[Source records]
++++++++

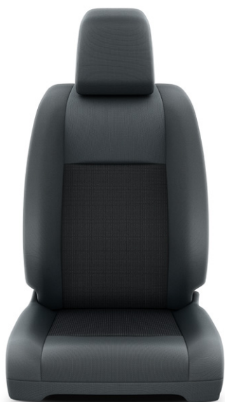
Čalounění sedadel tmavě šedé – textilie Pro výbavu Kombi a Business
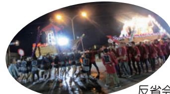
これから練り込が 始まるゾー

8. 13 ★地域活性化事業「天塩川まつり川舟みこし」 参加事業所 18事業 30名
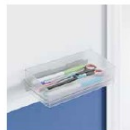
BANDEJA TRAY PLATEAU
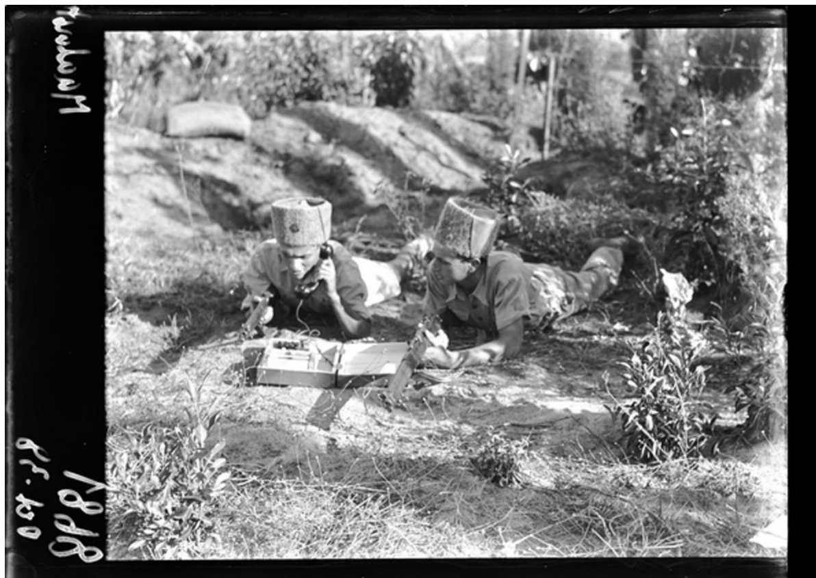
הדרכת נוטרים (משטרת היישובים העבריים) – שימוש בטלפון שדה, קיבוץ מעברות, 1938 צלם: זולטן קלוגר. ארכיון המדינה ISA-Collections-ZKlugerPhotos-000xzva

כהכנות לאפשרות פלישה גרמנית לפלשתינה, בריטניה אימנה את הפלמ"ח (פלוגות המחץ של 'ההגנה') ופיתחה במהלך המלחמה את רשתות מודיעין הרדיו של היישוב. השי"י (שירות הידיעות), זרוע המודיעין של 'ההגנה', שיתף פעולה עם המודיעין הבריטי ועם ה־CID (Criminal Investigation Department), מחלקת החקירות הפליליות של משטרת המנדט. כתוצאה מכך התפתחו היכולות המקצועיות של השי"י ככל שהוא סייע לבריטניה במאבק בנאצים ובאיטלקים, בטרוריסטים יהודים, במורדים ערבים, במרגלים ואפילו בקומוניסטים. מצוידים ביכולות מתקדמות, אנשי מודיעין הרדיו של 'ההגנה' האזינו לרשתות הרדיו של משמר החופים וסייעו להנחות ספינות מעפילים לחופי פלשתינה תוך הפרה של מגבלות העלייה. השירותים היהודים עסקו גם באיסוף ממקורות אנושיים (HUMINT).
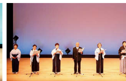
天山流吟剣詩舞道富岡支部
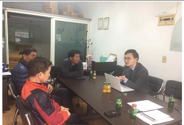
▲ 소그룹교육 컨설팅(업체방문)
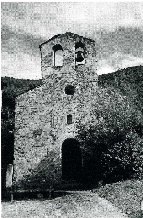
Serdinya (Pyrénées-Orientales). Eglise Saint-Jean-Baptiste de Joncet. Façade occidentale.

Pyrénées-Orientales, canton d'Olette, arrond. de Prades, 213 hab.
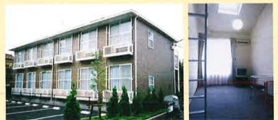
樓上水寮(男生宿舍)
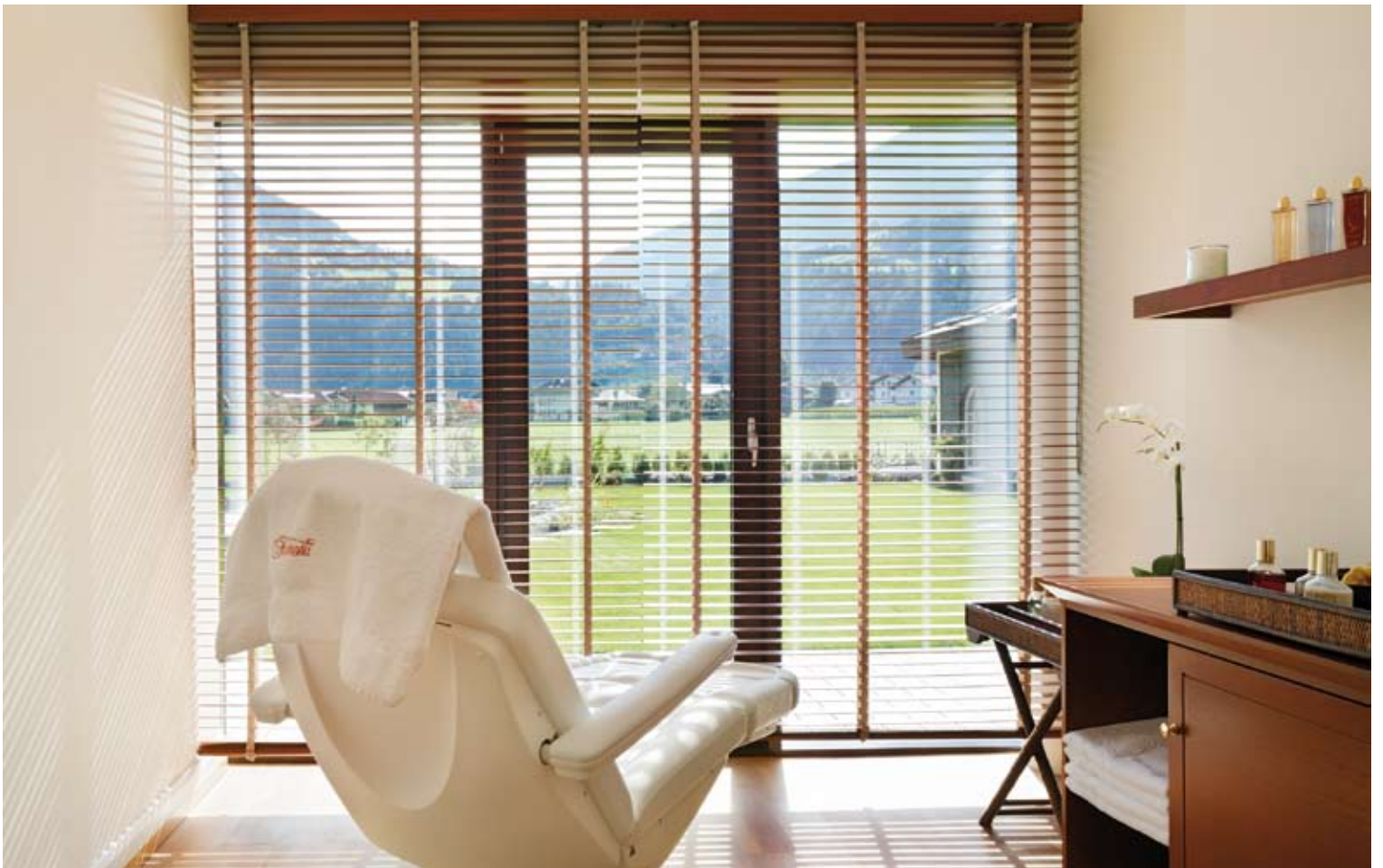
Behandlungsräume mit Blick in den Naturpark der Zillertaler Alpen
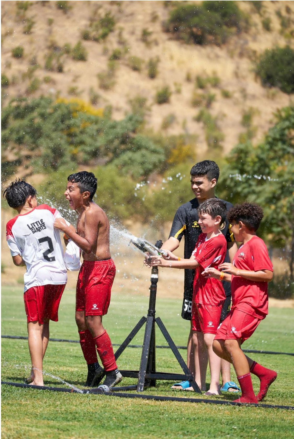
Niños Little Giants y Golden jugando con agua al final del día - convivencia espontanea 2026
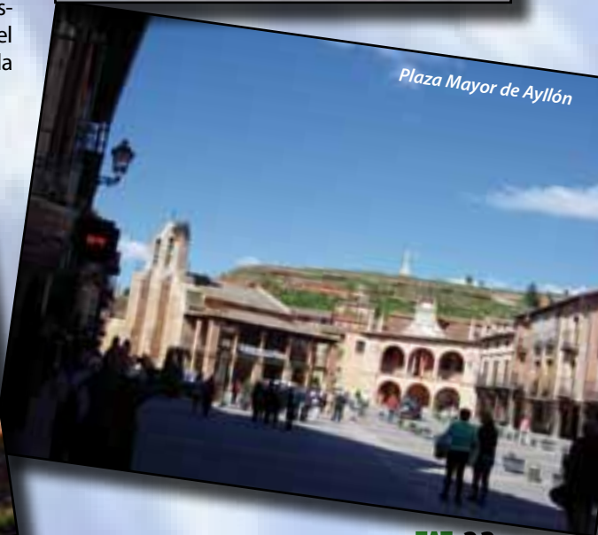
Plaza Mayor de Aillón
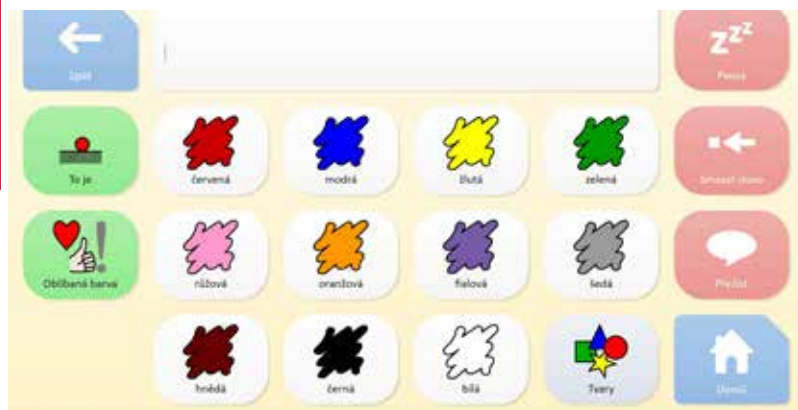
Komunikační tabulka - barvy

++++++++

§ How to complete this task
Word for word, retype all of the data above, but include no pictures.

§ Task output
Čalounění sedadel tmavě šedé – textilie Pro výbavu Kombi a Business
これから練り込が 始まるゾー

8. 13 ★地域活性化事業「天塩川まつり川舟みこし」 参加事業所 18事業 30名
BANDEJA TRAY PLATEAU
הדרכת נוטרים (משטרת היישובים העבריים) – שימוש בטלפון שדה, קיבוץ מעברות, 1938 צלם: זולטן קלוגר. ארכיון המדינה ISA-Collections-ZKlugerPhotos-000xzva

כהכנות לאפשרות פלישה גרמנית לפלשתינה, בריטניה אימנה את הפלמ"ח (פלוגות המחץ של 'ההגנה') ופיתחה במהלך המלחמה את רשתות מודיעין הרדיו של היישוב. השי"י (שירות הידיעות), זרוע המודיעין של 'ההגנה', שיתף פעולה עם המודיעין הבריטי ועם ה־CID (Criminal Investigation Department), מחלקת החקירות הפליליות של משטרת המנדט. כתוצאה מכך התפתחו היכולות המקצועיות של השי"י ככל שהוא סייע לבריטניה במאבק בנאצים ובאיטלקים, בטרוריסטים יהודים, במורדים ערבים, במרגלים ואפילו בקומוניסטים. מצוידים ביכולות מתקדמות, אנשי מודיעין הרדיו של 'ההגנה' האזינו לרשתות הרדיו של משמר החופים וסייעו להנחות ספינות מעפילים לחופי פלשתינה תוך הפרה של מגבלות העלייה. השירותים היהודים עסקו גם באיסוף ממקורות אנושיים (HUMINT).
天山流吟剣詩舞道富岡支部
▲ 소그룹교육 컨설팅(업체방문)
Serdinya (Pyrénées-Orientales). Eglise Saint-Jean-Baptiste de Joncet. Façade occidentale.

Pyrénées-Orientales, canton d'Olette, arrond. de Prades, 213 hab.
樓上水寮(男生宿舍)
Behandlungsräume mit Blick in den Naturpark der Zillertaler Alpen
Niños Little Giants y Golden jugando con agua al final del día - convivencia espontanea 2026
Plaza Mayor de Aillón
Komunikační tabulka - barvy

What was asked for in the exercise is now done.